2)  L’informatique et les systèmes d’information :
Aux contrats de maintenance du parc de matériel, à la sous-traitance de tâches de gestion pour les prestations et les cotisations s’ajoutent désormais ceux pour les systèmes d’information allant de la maintenance évolutive des logiciels à la maîtrise d’ouvrage pour les nouveaux systèmes.
3)  Les relations humaines et relations commerciales :
Pour la production des services aux adhérents et la gestion de ceux-ci nous nous retrouvons devant une situation hybride. On passe alors d’une relation entre l’employeur mutualiste et ses salariés à une relation entre la mutuelle et une entité tierce fournisseur de service.

 

L’externalisation des emplois et la sous-traitance des travaux sur le long terme
Si dans certaines situations, dans le cadre d’une démarche de solidarité, les entreprises de l’économie sociale et solidaire confient les travaux à des entreprises d’insertion ou à des Esat (établissement et service d’aide par le travail), ce ne sont que des exceptions.
Si pour les salariés, en cas d’externalisations de certaines activités, les dispositions d’ordre public de l’article L.122-12 du Code du Travail garantissent le maintien des droits et obligations résultant du contrat de travail, ils deviennent salariés d’une entreprise à but lucratif.
Le secteur non lucratif – les donneurs d’ordres des mutuelles, des coopératives et des associations – se retrouve devant une contradiction : transférer des activités et des emplois du secteur non lucratif vers le secteur à but lucratif alors qu’elles se considèrent comme faisant partie d’une « autre économie » ne mettant pas le profit comme but de leurs activités.

 

« L’un des buts de ce pôle serait de développer des structures de l’économie sociale et solidaire compétentes, maîtrisant des savoirs faire qui sont nécessaires aux donneurs d’ordre de notre secteur (coopératives, mutuelles et associations) en vue de contrat de sous-traitance ou d’externalisation. »

 

Construire un « pôle du non lucratif »
Pour développer les coopérations entre les différents secteurs de l’économie sociale et solidaire pour la production des biens et des services, il est indispensable de construire un pôle du secteur non-lucratif.

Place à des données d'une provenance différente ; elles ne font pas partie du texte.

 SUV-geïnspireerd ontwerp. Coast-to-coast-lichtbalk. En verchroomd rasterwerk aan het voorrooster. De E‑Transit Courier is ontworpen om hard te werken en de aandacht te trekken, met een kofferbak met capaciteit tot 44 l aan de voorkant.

L’un des buts de ce pôle serait de développer des structures de l’économie sociale et solidaire compétentes, maîtrisant des savoirs faire qui sont nécessaires aux donneurs d’ordre de notre secteur (coopératives, mutuelles et associations) en vue de contrat de sous-traitance ou d’externalisation.

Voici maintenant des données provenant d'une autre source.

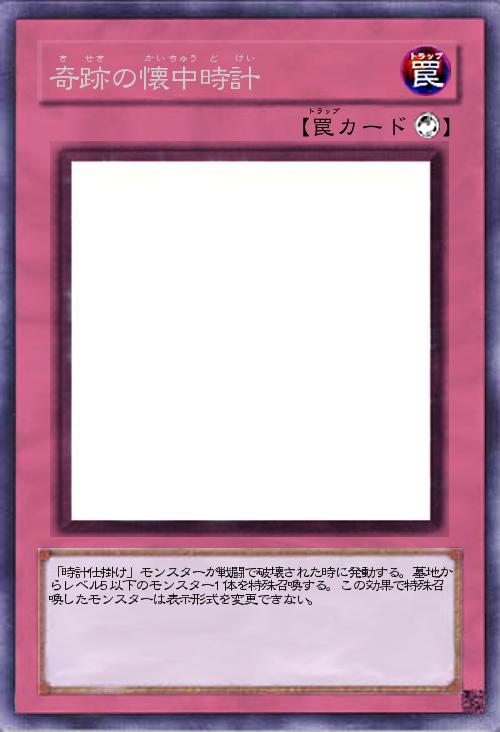 | 「時計仕掛け」モンスターが戦闘で破壊された時に発動する。墓地からレベル5以下のモンスター1体を特殊召喚する。この効果で特殊召喚したモンスターは表示形式を変更できない。 | |||

Cette politique «d’essaimage » devrait aussi permettre de mettre en place de nouvelles structures à but non lucratif nécessaires au mouvement mutualiste pour le parcours de soins de leurs adhérents et pour les accompagner tout au long de la vie.

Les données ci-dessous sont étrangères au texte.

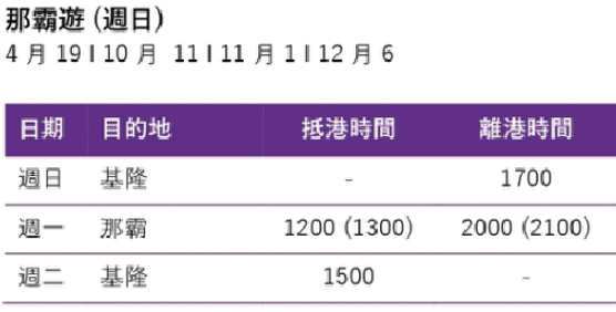 | 航程日 | 停泊港口 | 抵達時間 | 出發時間 |

« La construction de ce pôle permettrait donc de maintenir le fonctionnement basé sur la primauté des personnes, la solidarité et l’utilité sociale, la gestion démocratique et participative, ainsi que le réinvestissement des résultats. »

Cela permettrait aussi de mettre en place les services d’information et de formation, d’accompagnement, de soutien au développement de cette politique « d’essaimage de l’ESS » pour maintenir les différents travaux à externaliser dans notre secteur et favoriser la réinternalisation dans ces nouvelles structures des emplois et des services déjà externalisés.
Ce processus permettrait sur les bases d’une connaissance de la qualité de service recherchée et de la connaissance du professionnalisme des prestataires de faire face aux modifications nécessaires de l’organisation du travail de l’entreprise qui externalise et/ou sous-traite, de réaliser les gains en valeur ajoutée recherchés et de rester fidèle aux valeurs de l’économie sociale et solidaire, à l’enracinement sur les territoires en respectant l’environnement et en participant à la mise en place d’un développement durable.
Face à l’externalisation et à la sous-traitance, la construction de ce pôle permettrait donc de maintenir le fonctionnement basé sur la primauté des personnes, la solidarité et l’utilité sociale, la gestion démocratique et participative, ainsi que le réinvestissement des résultats.

Pierre Nunge,
Administrateur de la MGEN

François Rosso,
Membre du Comité exécutif d’Harmonie Mutuelle.